A taxpayer watchdog group has accused former Atlanta Mayor Kasim Reed of accepting $38,700 in illegal contributions for his latest mayoral campaign.
Georgia Ethics Watchdogs founder William Perry filed the complaint with the Georgia Ethics Commission on Tuesday. It accuses Reed’s campaign of violating state law by accepting donations from at least four sets of affiliated companies in amounts exceeding the $4,300 contribution limit.
The companies in question include two strip clubs and two firms involved in real estate.
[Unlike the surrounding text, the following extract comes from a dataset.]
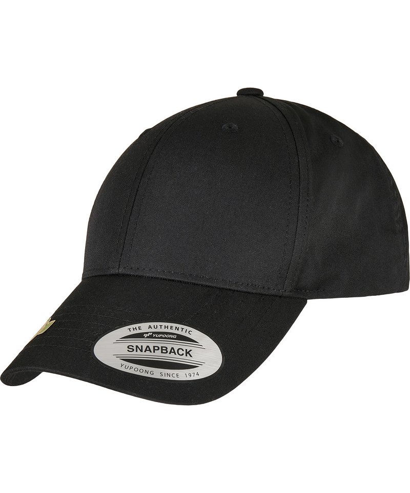 Snapback, curved visor, six-panel. Certified amfori BSCI, WRAP, Sedex and Global Recycled Standard.

Perry submitted a spread sheet documenting the contributions with his complaint.
Reed spokeswoman Anne Torres said Wednesday that any donations made in violation of state law will be returned.
Torres also questioned Perry’s creditability, calling him “a widely discredited campaign ethics expert.”
Perry lost his job at Common Cause Georgia, and Torres said he now “spends his time filing ethics complaints which assist the political candidates he supports and are generally found to be meritless.” She said if Perry “truly believed in transparency, he would disclose his organization’s donors as well.”
Perry fired back, saying “a hit dog will holler, and Kasim hollers every time he gets caught doing something unethical or illegal.”
“Calling him out for his wrongdoing may ‘discredit’ me in his mind, but I doubt anyone else will agree with him. Besides, I’m not the one facing federal indictment for wire fraud,” Perry said.
Reed’s mayoral administration has been subject to a years-long federal corruption investigation, and he is under a federal grand jury investigation for alleged wire fraud for personal purchases made with campaign funds between 2011 and 2017. Reed has repeatedly said he is innocent.
Perry’s latest complaint comes after he filed an ethics complaint against Reed in June, alleging violations of campaign finance disclosure laws and saying the former mayor failed to file two year-end reports while maintaining $166,000 in his campaign account after leaving office in 2018.
After the 2017 mayoral election, the State Ethics Commission alleged that Mayor Keisha Lance Bottoms and runner-up Mary Norwood also accepted thousands of dollars in improper contributions. Bottoms and Norwood paid fines for the violations as a result.